The NetworkManger warnings indicate that it doesn't understand the guest-agent ini key but this is expected and as far as we can tell the configuration file is otherwise applied and the NIC is activated and configured correctly. Is there some functionality breakage you're seeing? We can't reproduce the broken networking on Rocky Linux 8.

JakeCooper commented 1 month ago

I gotta say it is scary as heck to see pull requests like this

CleanShot 2024-07-17 at 13 51 01

We're lucky we run a fleet of canary instances and caught this early before it made it to our other instances.
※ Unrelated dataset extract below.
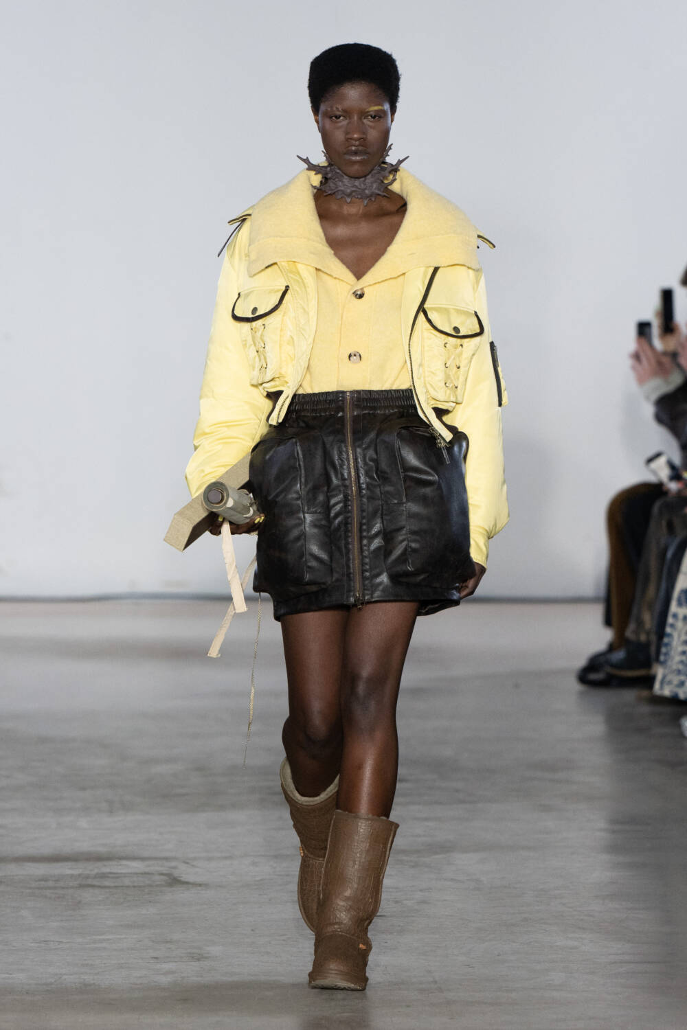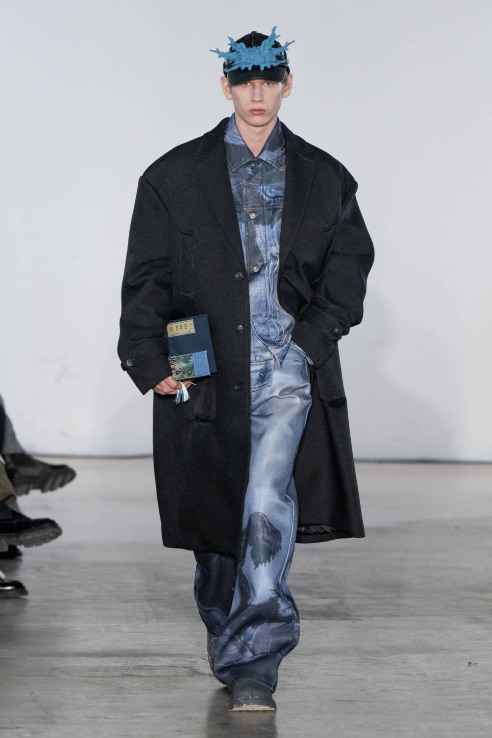 Feng Chen Wang’s AW25 collection breathes life into ancient mythology. Drawing from Chinese artistry, Wang channels the fantastical spirit of Shan Hai Jing, transforming mythical creatures into handcrafted Jingdezhen ceramics. “I have been passionate about painting since the age of eight, and throughout my life, art has been a constant source of inspiration and expression. Over time, I’ve developed a deep interest in blending various elements I love, such as fashion and my artistic work, to create cohesive, meaningful collections. My fascination with the Shan Hai Jing has been long-standing, and it has consistently influenced my creative process. In fact, my home and studio are filled with antique creature artefacts, which have become key sources of inspiration for my designs,” says Wang. Traditional designs are reimagined as prints on raw denim and organic fabrics and  bonded neoprene mimics wool, reinforcing structure while preserving fluidity in tailored silhouettes. Hand-painted textiles pay homage to ink wash aesthetics, while her exclusive UGG Tasman Lug shoe is elevated into a wearable sculpture. Like the legends that inspired it, this collection is boundless, both timeless and visionary. The designer adds, “This season’s collection is more commercial and I believe that as I have got older and become more of an experienced designer, I have a better understanding of the balancing craftsmanship and consumer sensibility and being more globally aware of the fusion of the East and the West consumer and their desires.” SL
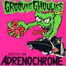 Appetite for Adrenochrome is the debut album by the Sacramento punk rock band the Groovie Ghoulies.[3][4] It was released in 1989 on their independent label, Crimson Corpse Records.[5] It was recorded at Enharmonic Studios in Sacramento with the band's original lineup of Kepi Ghoulie (vocals, guitar), Rudge (guitar), Vetty (bass guitar), and John Philip Sosa (drums). The cover art and the band's logo were done by Alex Mock, while the artwork and typesetting for the lyrics sheet was done by S. Britt.

I won't be dogmatic about the solution, but, given the total littany of issues we're run into with Google cloud, this is one of the many nails in the coffin of "This cannot be trusted for production infrastructure"

drewhli commented 1 month ago

For anyone still facing these issues, follow these steps to work around and update the guest-agent. Similar steps can be found here.

  1. Detach the boot disk from the affected VM.
  2. Attach the detached disk to a different VM that's working.
  3. SSH into the second VM and mount the new disk to a folder. If the new disk is designated as sdb, the command may look like the following:
    sudo mkdir /mnt/data && sudo mount /dev/sdb1 /mnt/data
  4. Delete the file /mnt/data/etc/netplan/20-google-guest-agent-ethernet.yaml.
  5. Re-add the default netplan configuration file: Create a new file /mnt/data/etc/netplan/90-default.yaml, and paste the following contents inside:
    network:
    version: 2
    ethernets:
        all-en:
            match:
                name: en*
            dhcp4: true
            dhcp4-overrides:
                use-domains: true
            dhcp6: true
            dhcp6-overrides:
                use-domains: true
        all-eth:
            match:
                name: eth*
            dhcp4: true
            dhcp4-overrides:
                use-domains: true
            dhcp6: true
            dhcp6-overrides:
                use-domains: true
  6. Unmount the disk
    sudo umount /dev/sdb1
  7. Detach the disk from the second VM and re-attach it to the original VM. SSH and networking should be working again.
mikehardenize commented 1 month ago

Hi @mikehardenize , we believe this might be a different issue. Can you provide reproduction steps and what functionality is not working that you're expecting to work?

It's a Rocky Linux 8 system. We are using wireguard via systemd-networkd. After the upgrade of guest-agent, a default route is added for that wireguard gateway ip. This breaks our networking. The default route wasn't added prior to the upgrade.